If you can afford to go out and buy a new car, or even a car that is a year or two old, then more power to you, but in my opinion, there is no need to spend tons of cash on something that is truly a very poor investment. I think most people shy away from used cars because of possible reliability issues.

If you want to spend money on something, go to the local community college and sign up for a general automotive maintenance course. That way even if you don't want to wrench on your car, at least you'll know enough about cars to not get ripped off next time you take it in for service.

No, I don't think used cars have become "expensive." Like everything now a days, there has been a market adjustment. And these vehicles are now holding their truer value. And we as a society are placing a higher value on these products for what the do for us. And the realization of how thing will change if we do not have access to them.

One vehicle particularly comes to mind. The North American released Land Rover Defender. A vehicle, had I purchased in the late 90's, would sell at or above cost. Really. Above cost. I would have been payed to drive it!

Of course this is a outliner.

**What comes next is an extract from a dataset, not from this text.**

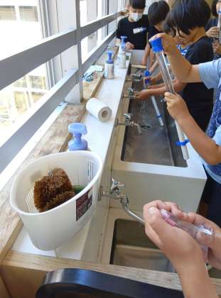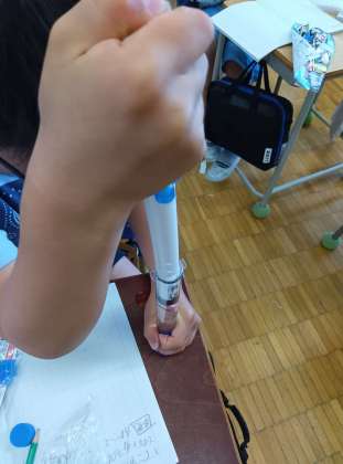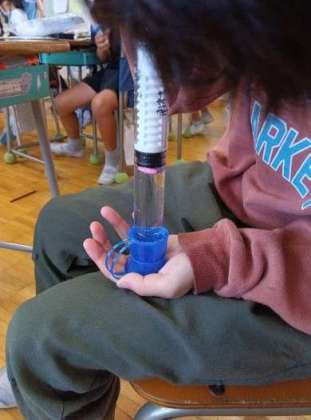 少し前に、中に空気を入れて実験をしていました。更に中にはスポンジの人形が入っています。空気は、押すと少しピストンが進みます。空気をぎゅっと潰すことで、中の人形もぎゅっと潰されたようになっていました。ここから、「空気は、押し縮めることができる。」と言うことができます。
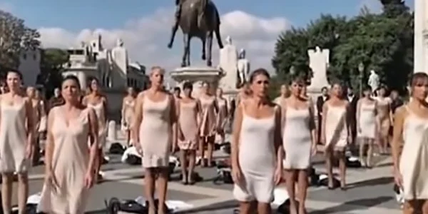 Οι αεροσυνοδοί, διαμαρτυρόμενες για τις χαμένες θέσεις εργασίας αλλά και για τις κακές συνθήκες εργασίας όσων επαναπροσλήφθηκαν στην ITA Airways, ξεκίνησαν να βγάζουν τα ρούχα τους, σε μια συμβολική άρνηση να αποδεχθούν την κατάσταση.

An example of a niche vehicle. Still, the initial price of new vehicles is so much that it should have lead to outrage a long time a go. But that voice was suppressed by the over abundances of slightly used vehicles with unbelievable mark downs. And consumers letting go of these vehicles, recouping as much of the initial cost is it's own incentive.

This is a good example of why conservatives can't tolerate NPR. Mr. Reed FORGOT about "cash for clunkers" apparently. Here in the rural "sticks", jobs are extremely scarce, ppl are poor & unemployed. Often the BASIC (word used in the correct context this time) problem is that ppl cannot find a cheap car to use for getting to work. I know several ppl in this boat - they stay on unempl and foodstamps because there are no $1000 cars to be HAD, thanx to "cash for clunkers".

But that was a controversial program set in place by Mr. Obama, so NPR wouldn't want to call attention to that factor in the high used car prices.